Archive for June, 2012

Substances More Foreign Than Pine Tar

As the reader will likely know by now, Tampa Bay right-hander Joel Peralta was ejected from Tuesday night’s game against the Washington Nationals before even throwing a single pitch. Indeed, Nationals manager Davey Johnson — who was a member of the front office in Washington when Peralta played there in 2010 — asked home plate umpire Tim Tschida to inspect Peralta’s glove as the latter warmed up. Following a brief delay, both Peralta and his glove were removed from the game, due to a “foreign substance on or in” the latter — pine tar being the substance in question.

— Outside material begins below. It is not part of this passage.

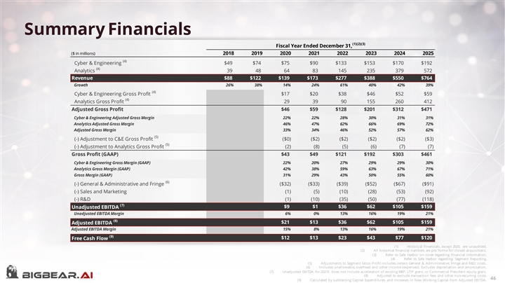 Summary Financials (1)(2)(3) Fiscal Year Ended December 31, ($ in millions) 2018 2019 2020 2021 2022 2023 2024 2025 (4) Cyber & Engineering $49 $74 $75 $90 $133 $153 $170 $192 (4) Analytics 39 48 64 83 145 235 379 572 Revenue $88 $122 $139 $173 $277 $388 $550 $764 Growth 26% 38% 14% 24% 61% 40% 42% 39% (4) Cyber & Engineering Gross Profit $17 $20 $38 $46 $52 $59 (4) Analytics Gross Profit 29 39 90 155 260 412 Adjusted Gross Profit $46 $59 $128 $201 $312 $471 Cyber & Engineering Adjusted Gross Margin 22% 22% 28% 30% 31% 31% Analytics Adjusted Gross Margin 46% 47% 62% 66% 69% 72% Adjusted Gross Margin 33% 34% 46% 52% 57% 62% (5) (-) Adjustment to C&E Gross Profit ($0) ($2) ($2) ($2) ($2) ($3) (5) (-) Adjustment to Analytics Gross Profit (2) (8) (5) (6) (7) (7) Gross Profit (GAAP) $43 $49 $121 $192 $303 $461 Cyber & Engineering Gross Margin (GAAP) 22% 20% 27% 29% 29% 30% Analytics Gross Margin (GAAP) 42% 38% 59% 63% 67% 71% Gross Margin (GAAP) 31% 29% 43% 50% 55% 60% (6) (-) General & Administrative and Fringe ($32) ($33) ($39) ($52) ($67) ($91) (-) Sales and Marketing (1) (5) (10) (28) (53) (92) (-) R&D (1) (10) (35) (50) (77) (118) (7) $9 $1 $36 $62 $105 $159 Unadjusted EBITDA Unadjusted EBITDA Margin 6% 0% 13% 16% 19% 21% (8) $21 $13 $36 $62 $105 $159 Adjusted EBITDA Adjusted EBITDA Margin 15% 8% 13% 16% 19% 21% (9) $12 $13 $23 $43 $77 $120 Free Cash Flow (1) Historical Financials, except 2020, are unaudited. (2) All historical financial numbers are pro forma for closed acquisitions. (3) Refer to Safe Harbor on cover regarding financial information. (4) Refer to Safe Harbor regarding Segment Reporting. (5) Adjustments to Segment Gross Profit includes certain General & Administrative, Fringe and R&D costs. (6) Includes unallowable, overhead and other income (expenses). Excludes depreciation and amortization. (7) Unadjusted EBITDA for 2021E does not include acceleration of existing MEP, LTIP grant, or Commercial President equity grant. (8) Adjusted to exclude transaction fees and other non-recurring costs. 46 (9) Calculated by subtracting Capital Expenditures and Increases in New Working Capital from Adjusted EBITDA.Summary Financials (1)(2)(3) Fiscal Year Ended December 31, ($ in millions) 2018 2019 2020 2021 2022 2023 2024 2025 (4) Cyber & Engineering $49 $74 $75 $90 $133 $153 $170 $192 (4) Analytics 39 48 64 83 145 235 379 572 Revenue $88 $122 $139 $173 $277 $388 $550 $764 Growth 26% 38% 14% 24% 61% 40% 42% 39% (4) Cyber & Engineering Gross Profit $17 $20 $38 $46 $52 $59 (4) Analytics Gross Profit 29 39 90 155 260 412 Adjusted Gross Profit $46 $59 $128 $201 $312 $471 Cyber & Engineering Adjusted Gross Margin 22% 22% 28% 30% 31% 31% Analytics Adjusted Gross Margin 46% 47% 62% 66% 69% 72% Adjusted Gross Margin 33% 34% 46% 52% 57% 62% (5) (-) Adjustment to C&E Gross Profit ($0) ($2) ($2) ($2) ($2) ($3) (5) (-) Adjustment to Analytics Gross Profit (2) (8) (5) (6) (7) (7) Gross Profit (GAAP) $43 $49 $121 $192 $303 $461 Cyber & Engineering Gross Margin (GAAP) 22% 20% 27% 29% 29% 30% Analytics Gross Margin (GAAP) 42% 38% 59% 63% 67% 71% Gross Margin (GAAP) 31% 29% 43% 50% 55% 60% (6) (-) General & Administrative and Fringe ($32) ($33) ($39) ($52) ($67) ($91) (-) Sales and Marketing (1) (5) (10) (28) (53) (92) (-) R&D (1) (10) (35) (50) (77) (118) (7) $9 $1 $36 $62 $105 $159 Unadjusted EBITDA Unadjusted EBITDA Margin 6% 0% 13% 16% 19% 21% (8) $21 $13 $36 $62 $105 $159 Adjusted EBITDA Adjusted EBITDA Margin 15% 8% 13% 16% 19% 21% (9) $12 $13 $23 $43 $77 $120 Free Cash Flow (1) Historical Financials, except 2020, are unaudited. (2) All historical financial numbers are pro forma for closed acquisitions. (3) Refer to Safe Harbor on cover regarding financial information. (4) Refer to Safe Harbor regarding Segment Reporting. (5) Adjustments to Segment Gross Profit includes certain General & Administrative, Fringe and R&D costs. (6) Includes unallowable, overhead and other income (expenses). Excludes depreciation and amortization. (7) Unadjusted EBITDA for 2021E does not include acceleration of existing MEP, LTIP grant, or Commercial President equity grant. (8) Adjusted to exclude transaction fees and other non-recurring costs. 46 (9) Calculated by subtracting Capital Expenditures and Increases in New Working Capital from Adjusted EBITDA.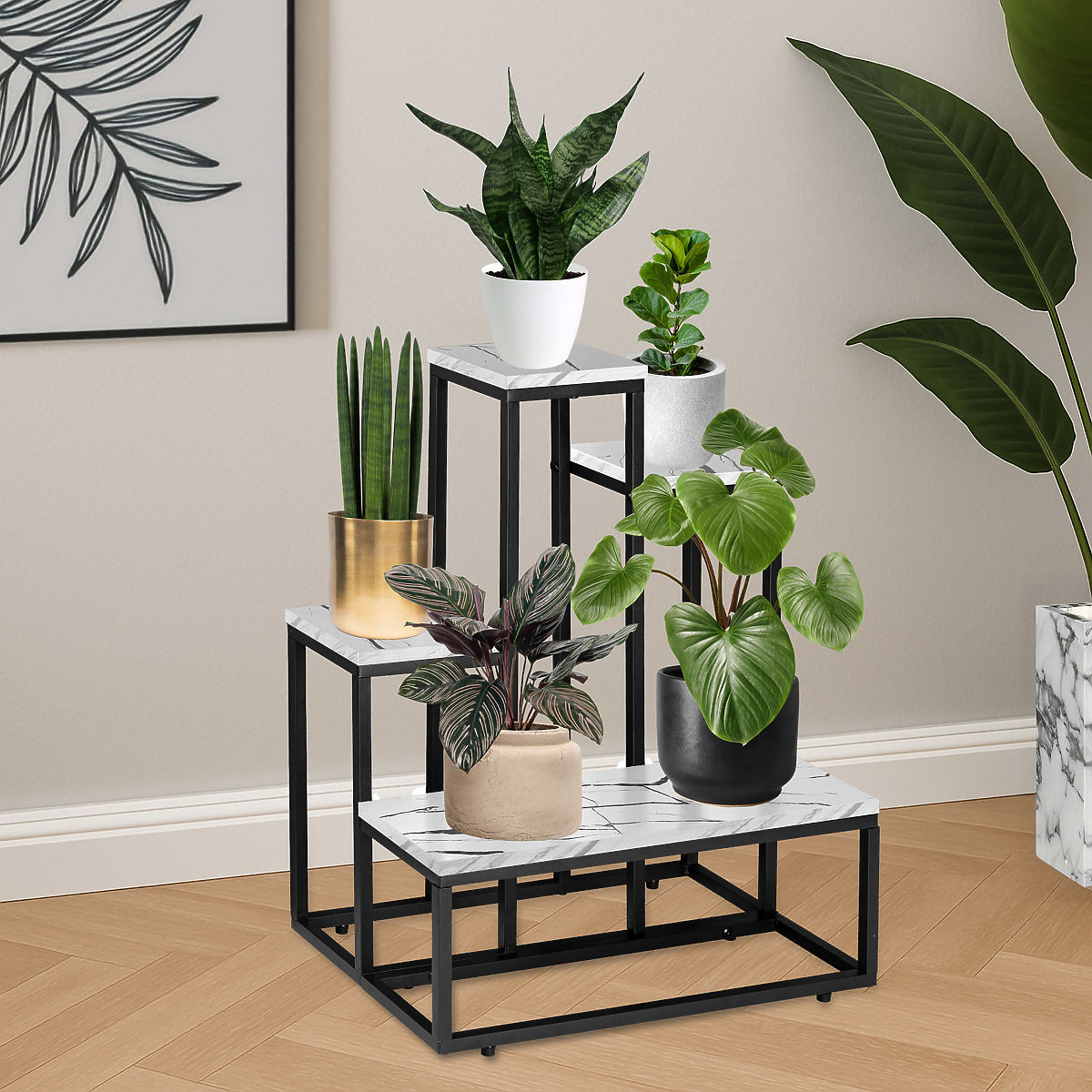Sturdy plant stand with marble imitation shelves. .. more

To say that pine tar and its application to a baseball are “illegal” — this is fine and good. To suggest that pine tar constitutes a foreign substance, however, is a bit misleading: in fact, a popular brand of pine tar is sold by Mueller Sports Medicine, Inc., located in beautiful Prairie du Sac, Wisconsin — a town (Prairie de Sac, that is) famously known its potent domesticity.

Below is a list of five substances that are decidedly more foreign than pine tar. While we can only speculate upon what sort of competitive advantage any of them provide to the American baseballist, one is forced to assume that their use is rampant in Major League Baseball.

Betel Nut (Link)

What It Is: Generally, some combination of the areca nut, betel leaves, and (powdered) lime designed to be chewed or gnawed upon. Also called paan, it seems. Red in color. Habit-forming.
Where Found: India. Kinda alot.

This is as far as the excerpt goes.